Camina hasta el baño, recibiendo la mirada curiosa de muchos al reconocer su cara y vislumbrar su aspecto, y cuando llega pica con fuerza en la puerta varias veces, sin obtener ninguna respuesta.
—Sé que estás ahí —dice Arbeloa, apoyándose contra la puerta, y teniendo plena consciencia de que su amigo le contestará.
—¡Que te jodan! —Es lo único que Álvaro oye desde el otro lado de la puerta y escuchar esa respuesta le deja un gesto de sorpresa en la cara, aún empapada por culpa de Albiol.

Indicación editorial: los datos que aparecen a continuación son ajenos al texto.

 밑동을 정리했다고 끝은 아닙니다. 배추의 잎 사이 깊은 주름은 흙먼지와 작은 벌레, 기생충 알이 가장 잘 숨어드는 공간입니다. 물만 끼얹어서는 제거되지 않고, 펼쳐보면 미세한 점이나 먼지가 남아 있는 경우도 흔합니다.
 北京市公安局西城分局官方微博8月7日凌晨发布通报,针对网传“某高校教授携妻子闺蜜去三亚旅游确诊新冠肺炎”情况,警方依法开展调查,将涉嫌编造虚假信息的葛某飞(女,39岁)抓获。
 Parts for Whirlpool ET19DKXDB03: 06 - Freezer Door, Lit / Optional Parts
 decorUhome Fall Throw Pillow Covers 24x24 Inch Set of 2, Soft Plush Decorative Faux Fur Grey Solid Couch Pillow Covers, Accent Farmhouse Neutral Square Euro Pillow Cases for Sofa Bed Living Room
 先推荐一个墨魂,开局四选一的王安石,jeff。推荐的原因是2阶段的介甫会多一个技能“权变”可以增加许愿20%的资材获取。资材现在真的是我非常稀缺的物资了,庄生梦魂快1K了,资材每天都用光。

—¿Se puede saber qué te pasa? —Pregunta volviendo a dar un toque en la puerta.
—¡Que te vas a reír de tu puta madre!
Esas respuestas cada vez sorprenden más a Arbeloa que empieza a planear su estrategia de ataque.

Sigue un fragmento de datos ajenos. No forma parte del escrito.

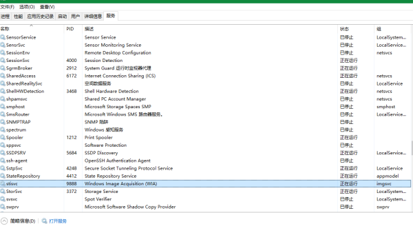 找到stisvc服务,描述里就是Windows Image Acquisition (WIA),试一下右键单击可否停止。如果无法停止,记住这个服务的PID,然后到详细信息选项卡里找到对应的svchost进程,右击结束任务。然后回到服务选项卡,右击stisvc服务,选择开始,服务就重新启动了。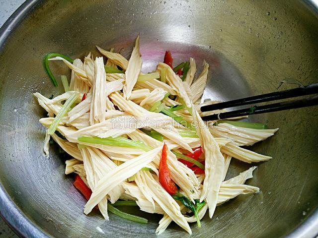 4.捞出过凉水,控干、放入容器内,加入香油、盐、白糖、味极鲜拌均匀。

—Anda, ábreme la puerta y ayuda a quitarme la ropa mojada —dice en un tono sugerente.
—¡Te vas a la mierda!
—Como no abras la puerta ahora mismo la tiro abajo, mamonazo —amenaza el diecisiete blanco.
Escucha como Raúl resopla molesto y como casi al mismo tiempo, el ruido del pestillo al abrirse, le avisa de que ya puede pasar.
Álvaro entra, cierra la puerta y vuelve a poner el pestillo para que nadie les moleste.
—A ver, ¿qué te pasa?
—No lo sé —refunfuña Albiol.
Éste está sentando en el suelo del baño, y Álvaro decide sentarse a su lado.
—A mi me lo puedes contar.
—Solo quieres saberlo porque eres un cotilla.
—¿Y no piensas darme esa satisfacción?
Raúl suspira en señal de aceptación.
—Es que a veces siento que soy tonto ¿sabes? Yo me he creído la tontería esa del todo y tú no lo has hecho en ningún momento. Ya estás en el once ideal del míster, y le tienes enamorado, y yo no estoy a la altura. Y todo es una mierda.
—Pero tú siempre me ganas al Tekken.
—Menudo consuelo es ganar a la PlayStation… —murmulla de mala gana Raúl.
—Lo que necesitas para animarte es un buen meneo.
Albiol vuelve a resoplar.
—Ahora siendo serios, deja de decir tonterías. Tú dale tiempo al míster y esfuérzate a tope para que vea todo tu potencial. Y mientras deja que yo me ocupe de que no pienses en esas cosas.
—¿Y cómo lo vas a hacer?
—¿En serio necesitas que te lo explique? No me extraña que tengas complejo de tonto —bromea Álvaro, acariciándole el pelo a su amigo y consiguiendo que este se ría—. Será mejor que vayamos a comer antes de que se den cuenta de donde estamos, que hay muchas cámaras por los alrededores y no me apetece ser la portada del Hola de esta semana.
Albiol asiente, levantándose con ayuda de su compañero.
—Pero te prometo que después de esto, vamos a casa, te dejo que me ganes al Fifa, urdiremos una malévola venganza contra nuestro capitán y echamos un polvete ¿vale? —Dice Álvaro y le da un rápido beso en los labios.
Raúl asiente y ambos salen del baño, Álvaro aún con la ropa empapada y Raúl con una sonrisa dibujada en los labios y un sentimiento de que por Navidad, no puede pedir nada más.